I had been intrigued by this film since I first read Carol Morley's 2011 Guardian article about making it. In 2006, housing officials making a repossession order broke into a London flat to make a grim discovery: the skeleton of its tenant, propped on the sofa, surrounded by Christmas presents with the television still on. Joyce Vincent had died in 2003, and nobody had noticed. Morley set out to tell her story, advertising in hopes of finding friends and relatives who might help her to understand what had happened. This film is the result.
The story is a simple enough one. Joyce had had a normal enough background, parents from Grenada, born in 1965 in London always lived there, had an unremarkable professional admin career but dabbled in the music business (one boyfriend, Alistair Abrahams, is a moderately successful music promoter who introduced her to Gil Scott-Heron and, I'm not making this up, Nelson Mandela; she once had dinner with Stevie Wonder). And in 2001 it all came to a halt; she dropped out of her City job, spent some time (how much? not clear) at a refuge for domestic abuse victims, checked into hospital a few weeks before her death giving her bank manager as her next of kin (her bank manager), and then was not seen alive again.
The film cuts between interviews with people who knew Joyce, and were shocked to realise that she had dropped out of their lives so rapidly, and scenes from her life re-enacted by Zawe Ashton (as an adult) and Alix Luka-Cain (as a child). Both are very good in their roles. (Zawe Ashton also played Journey Blue in the 2014 Doctor Who episode Into the Dalek. This seems to be Alix Luka-Cain's only screen role known to IMDB.)
The star of the film is Martin Lister, Joyce's ex-boyfriend who stayed friends with her long after their relationship ended, and who obviously struggles with the fact that when she dropped out of his life completely in 2003, it wasn't because she had decided to move on but because she was dead. Lynne Featherstone, who was the local MP, provides a sort of official narrative to the extent that that is possible. Joyce's family declined to participate. (One has to wonder: who were the wrapped but unsent Christmas presents for? And what about the bank manager?)

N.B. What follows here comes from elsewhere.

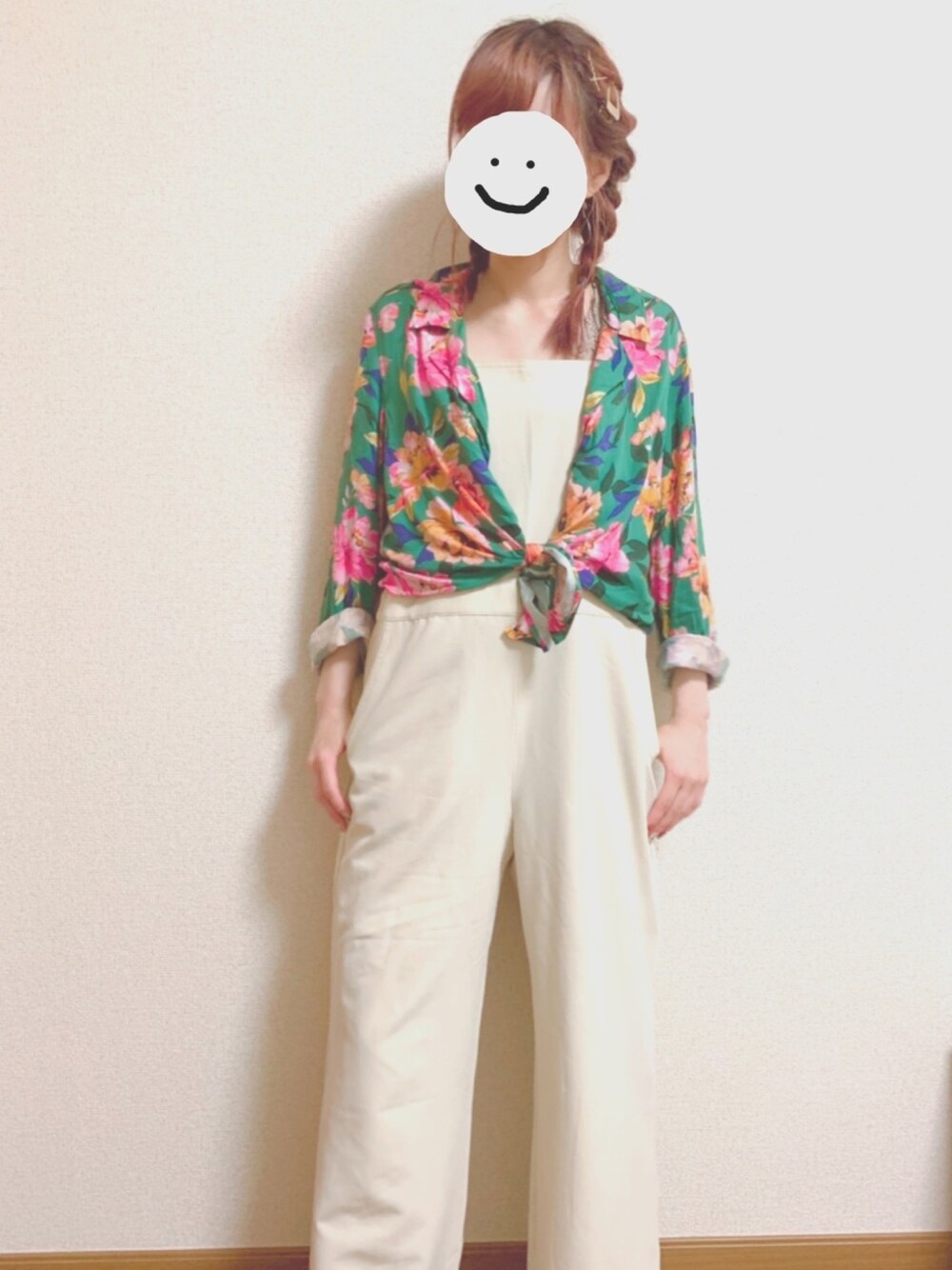 白のサロペットがずっとほしくてやっと理想の形のやつが見つかって即購入🥰 中はレースのタンクトップで、羽織りを脱いでも大丈夫なやつ🙆♀️ 肌寒いからポイントで花柄のシャツを✨ 今日は髪の毛も凝ったよ〜☺︎

There are flaws in the piece. We linger perhaps a bit too much with Zawe Ashton as Joyce singing. The reconstruction of her family life is of course speculative. We linger a bit too eagerly on the repossession of the flat and Joyce's last moments intercut with the forensic examination of her belongings (all of course also reconstructed). There's a bit too much of the "she was there for three years!" when in fact it seems to have been just over two, fom December 2003 to January 2006. But the central theme is immensely powerful: loneliness and death, two things which we all fear. Joyce seems to have chosen to live alone; there are conflicting versions of why she left her last professional job; there's a general agreement that in her final years she moved around so much that even those who thought they were her closest friends lost touch, though they welcomed her when she did make contact.
The final shot of the film is tremendously moving – after 90 minutes of Ashton and Luka-Cain playing Joyce, Carol Morley found her in four seconds of footage from the Nelson Mandela concert in 1990, when she would have been 25 or so. We catch her in the crowd and then we have a brief glimpse of her face; all that's left of a vibrant person who touched a lot of people's lives and then fell out of them. Do watch it. Though you will cry.
This is the sort of forensic, artistic pedantry that sets us apart from the animals. Well done, that man!